Russia’s currency lost a third of its value against Bitcoin on Monday, while also tumbling to the dollar after the United States blocked several banks from global financial markets.

The exchange rate shot up by more than 30% to nearly 4.3 million ruble per bitcoin, data from Coingecko showed. The ruble depreciated in a similar range against most altcoins.

The weakening ruble likely indicates that Russian entities are buying crypto in the face of extreme volatility. Limitations on Russia’s foreign exchange reserves, placed by the West, are likely to ramp up inflation, and stifle economic growth in the country.

Graph showing ruble crashes against bitcoinRuble at three-month lows against BTC

The United States over the weekend moved to block several Russian banks from the SWIFT transaction system, over the invasion of Ukraine. Much of Russia’s overseas holdings were also frozen.

In another blow to sentiment, Russian President Vladimir Putin ordered the country’s nuclear deterrent forces to be on high alert.

Most major tokens retreated against the dollar, while stablecoins continued to see high demand.

 Russia faces sanctions shock

The sanctions knocked the ruble to a record low against the U.S. dollar, and saw the Russian central bank raise its benchmark interest rate to a record-high 20%, as damage control.

Reports show Russian citizens forming long lines outside ATMs, on fears that banks could limit cash withdrawals. In Ukraine, citizens were seen piling into dollar-pegged stablecoin Tether, after the country’s central bank suspended electronic cash transfers.

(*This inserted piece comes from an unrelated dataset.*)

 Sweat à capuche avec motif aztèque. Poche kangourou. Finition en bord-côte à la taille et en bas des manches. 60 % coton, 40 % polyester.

Amid increasing economic restrictions, speculation has been rife over whether Moscow will adopt crypto to bypass western sanctions. As it stands, there is no effective method for regulators to block peer-to-peer transactions.

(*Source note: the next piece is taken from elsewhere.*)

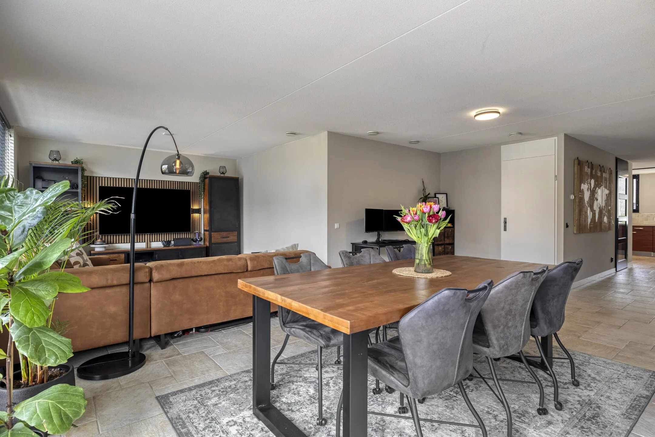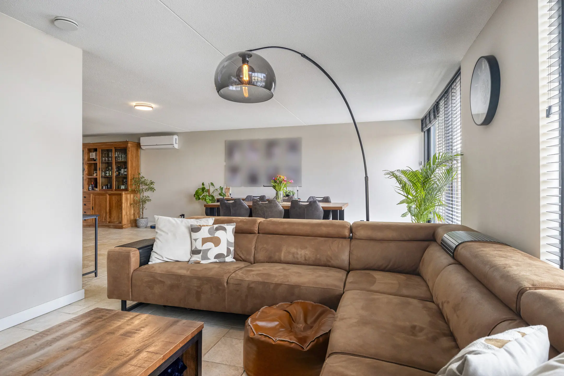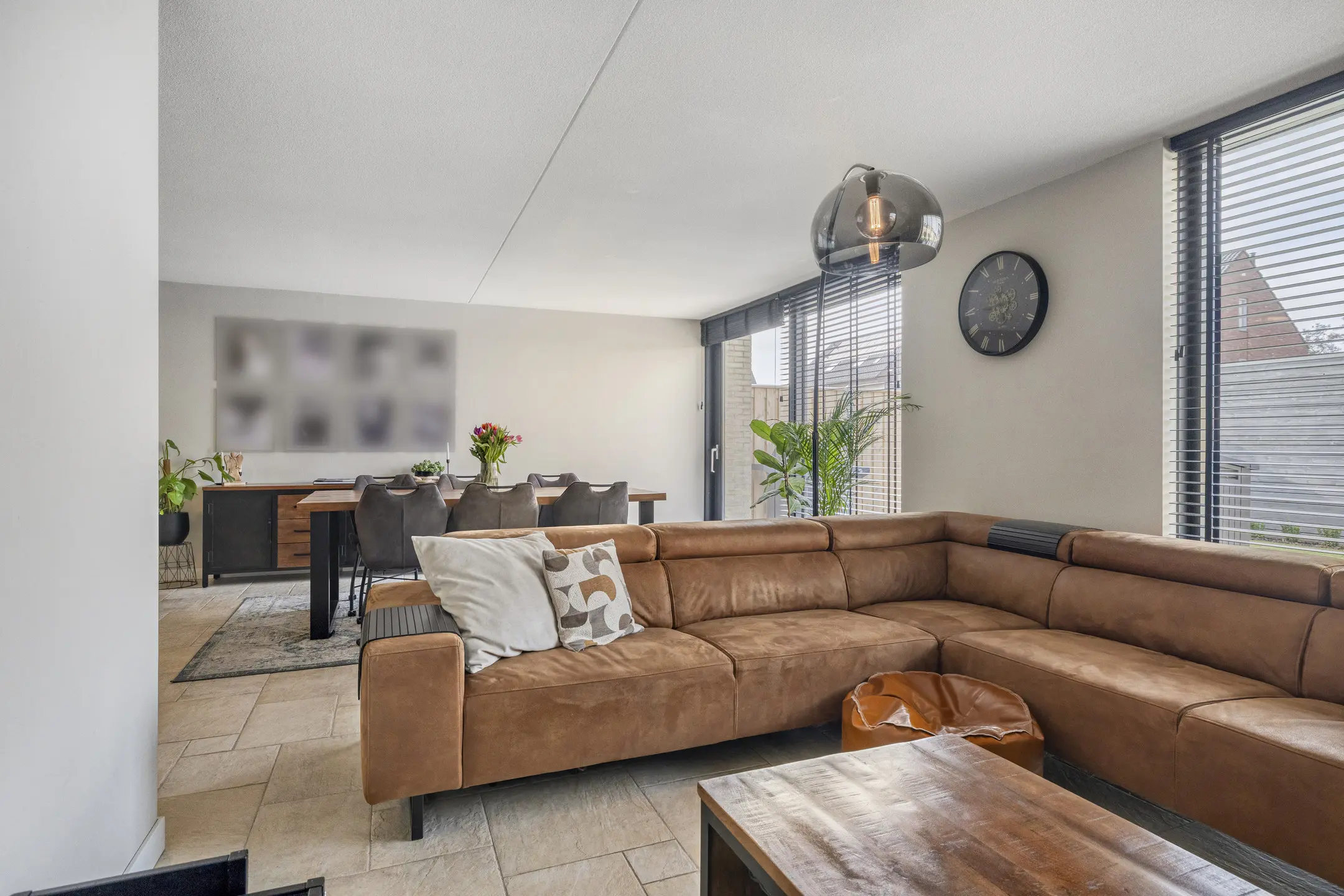 Woonkamer: Een heerlijk lichte en ruime woonkamer die voorzien is van vloerverwarming op warm water. De afwerking is modern met een plavuizen vloer.

Russians already hold 12% of the world’s crypto. And with mining also set to boom in the country, widespread adoption may not be such a foreign concept.

Still, limitations on technology imports could hurt Russia’s mining industry.

It is also unclear how major crypto exchanges will be able to function in Russia with the recent sanctions. Currently, Binance and Kraken are among the largest operators in the country.